◆ **To do**
Restate the lines of the material below word for word, from the first through the one containing "insp. 53/11.696:1*+:8 ////", and include nothing else; pictures stay out.

◆ **Data under study**

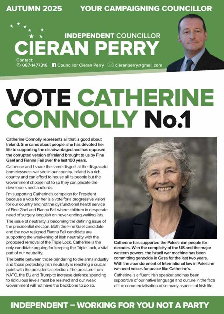 A “Vote Catherine Connolly no. 1” leaflet from Independent Dublin City Councillor , Cieran Perry from the 2025 Presidential Election.
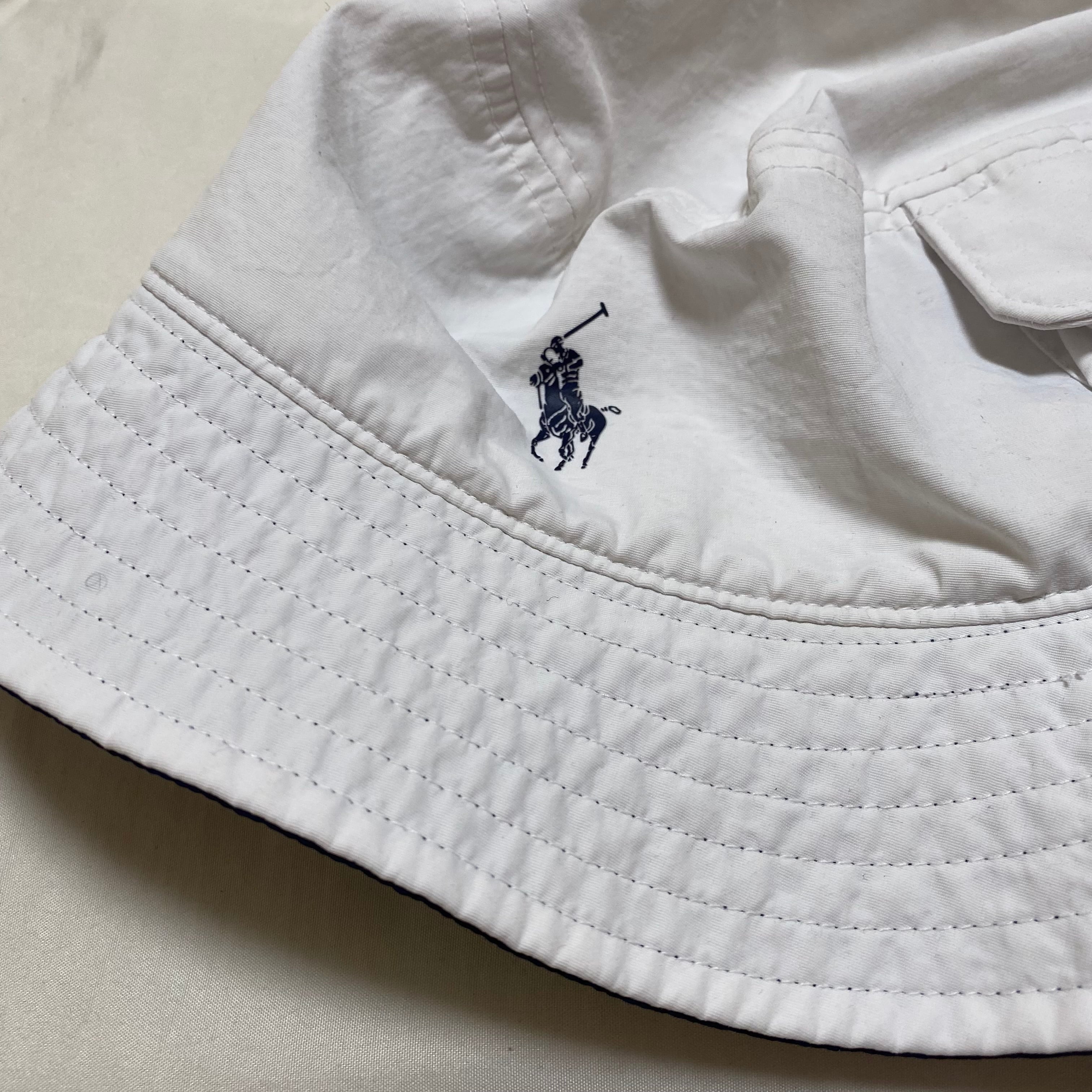 【極美品⭕️】Ralph Lauren ポケ付き白ナイロンバケットハット
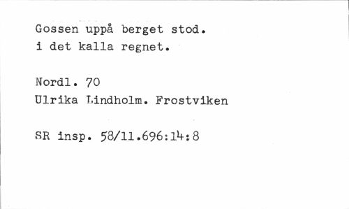 //// Gossen uppå berget stod. i det kalla regnet. //// Nordl. 70 //// Ulrika Lindholm. Frostviken SR insp. 53/11.696:1*+:8 ////
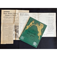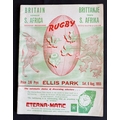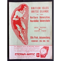 1955 British and I Lions in S Africa Test Rugby Programme: Much sought-after edition from the epic first test at Ellis Park, won 23-22 by the tourists, van der Schyff hooking the vital and none-too-tricky deciding conversion. Not to be missed. VG
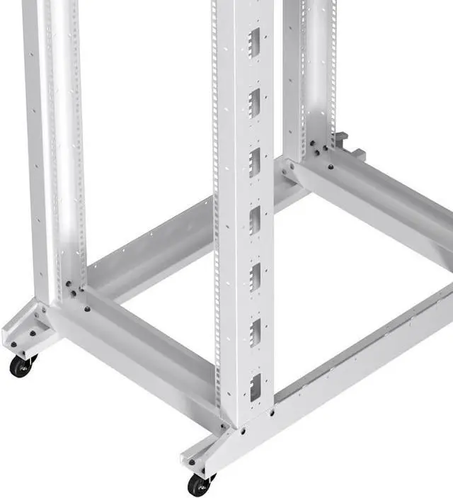 SPACE EFFICIENT & MOBILE - The NavePoint 00407332 42U four post open frame rack is designed for optimal space utilization in constrained areas. Its open structure ensures enhanced airflow, crucial for equipment cooling.
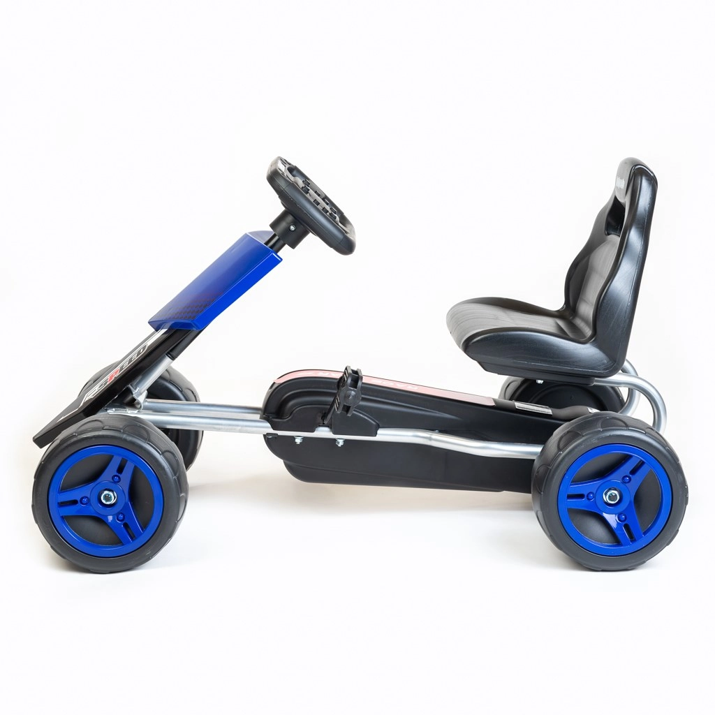 De kart is uitgerust met een kettingoverbrenging met voor- en achteruitfunctie, zodat uw kind gemakkelijk kan optrekken en manoeuvreren. De verstelbare sportzitting met 2 standen past zich aan de groei van het kind aan en biedt comfortabel zitten. Voldoet aan de Europese veiligheidsnormen, zodat u kunt vertrouwen op veilig gebruik.
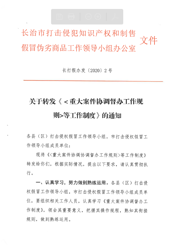 关于转发《<重大案件协调督办工作规则>等工作制度》的通知

◆ **Solution below**
 A “Vote Catherine Connolly no. 1” leaflet from Independent Dublin City Councillor , Cieran Perry from the 2025 Presidential Election.
 【極美品⭕️】Ralph Lauren ポケ付き白ナイロンバケットハット
 //// Gossen uppå berget stod. i det kalla regnet. //// Nordl. 70 //// Ulrika Lindholm. Frostviken SR insp. 53/11.696:1*+:8 ////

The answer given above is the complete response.